Batch algebraic operations in Python


I am using a for in Python to populate an array. Currently I iterate over all the elements in the array, and for each index I retrieve some relevant information from another array, and then I perform an operation.

This is the current code

for idx, vertex_color in enumerate(self.vertex_colors):
    coefficients = self.cubic_coefficients[idx*3:(idx*3)+3]

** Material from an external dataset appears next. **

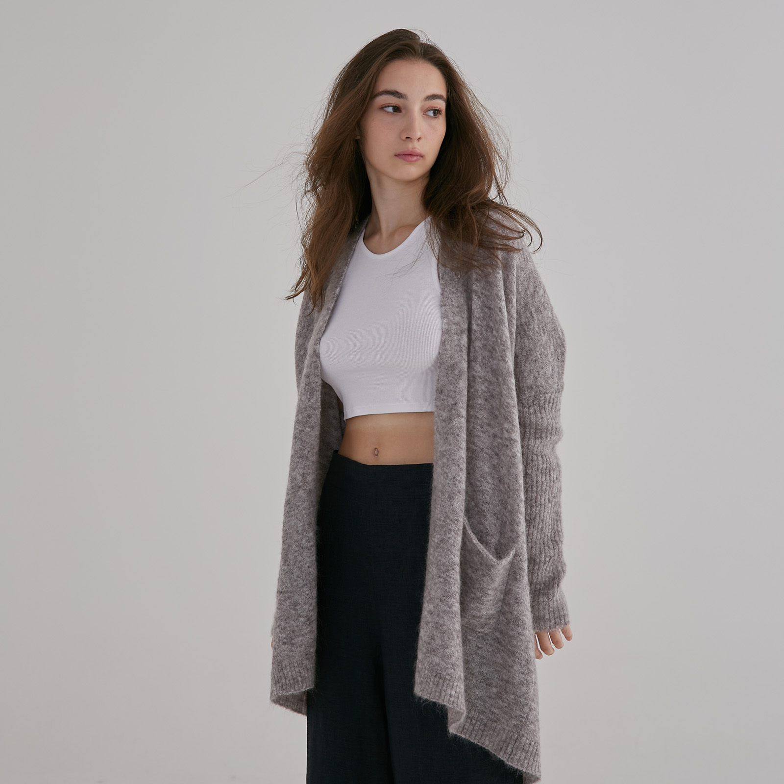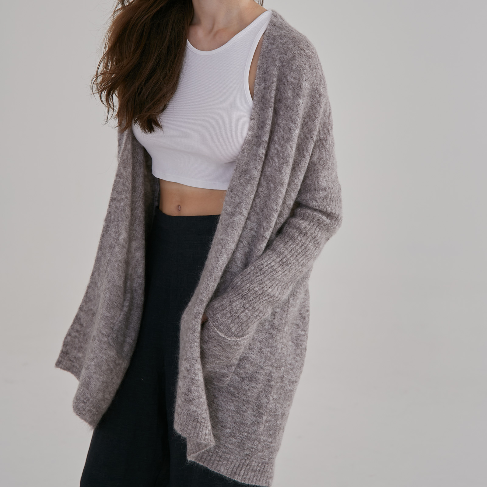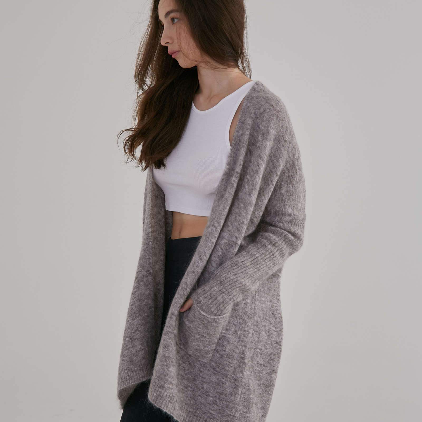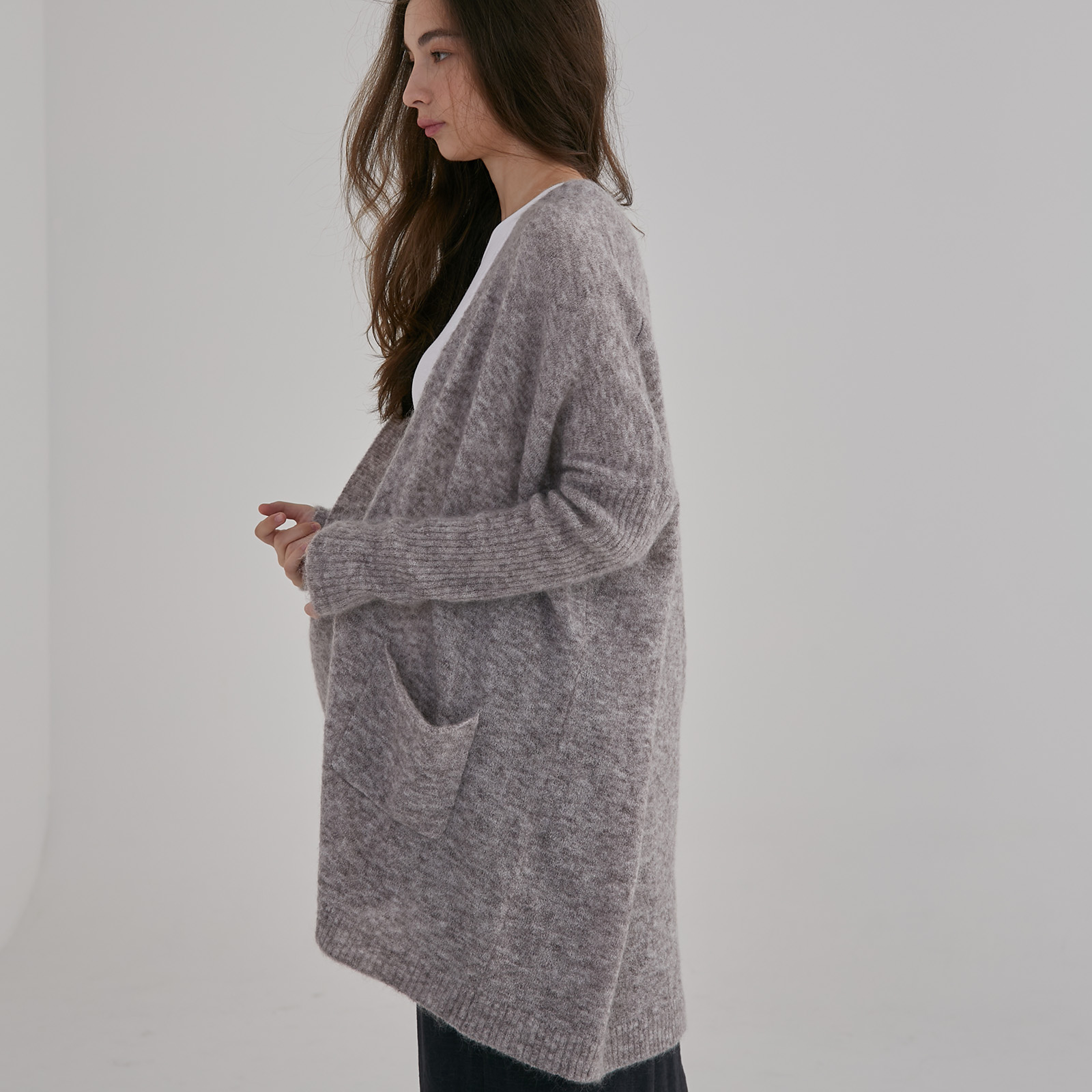This cardigan offers a neat shape with a relaxed fit, perfect for layering with your favourite outfits. The ribbed sleeves ensure practicality, making this versatile piece perfect for a cozy evening in or a day at the office.

    # Applies cubic regression to obtain regressed mean amplitude
    c[idx] = coefficients[0] * current_beta**2 + coefficients[1] * current_beta + coefficients[2]

But my vector self.vertex_colors is very large, therefore this for loop is my bottle neck. Is there anyway to parallelize or perform with a single command these kind of operations? In a way I want to do what bsxfun does in MATLAB, but for an arbitrary function.


Solution

  • For your specific case you can do without the loop in this way if coefficients is a numpy.array.

    import numpy
    
    coefficients = numpy.array([1, 2, 3, 1, 2, 3])
    current_beta = 1
    c = (coefficients[0::3] * current_beta**2 
         + coefficients[1::3] * current_beta 
         + coefficients[2::3])
    

    This will work for any length of coefficients. The syntax used for the slicing here basically starts at the point and then takes every 3rd element.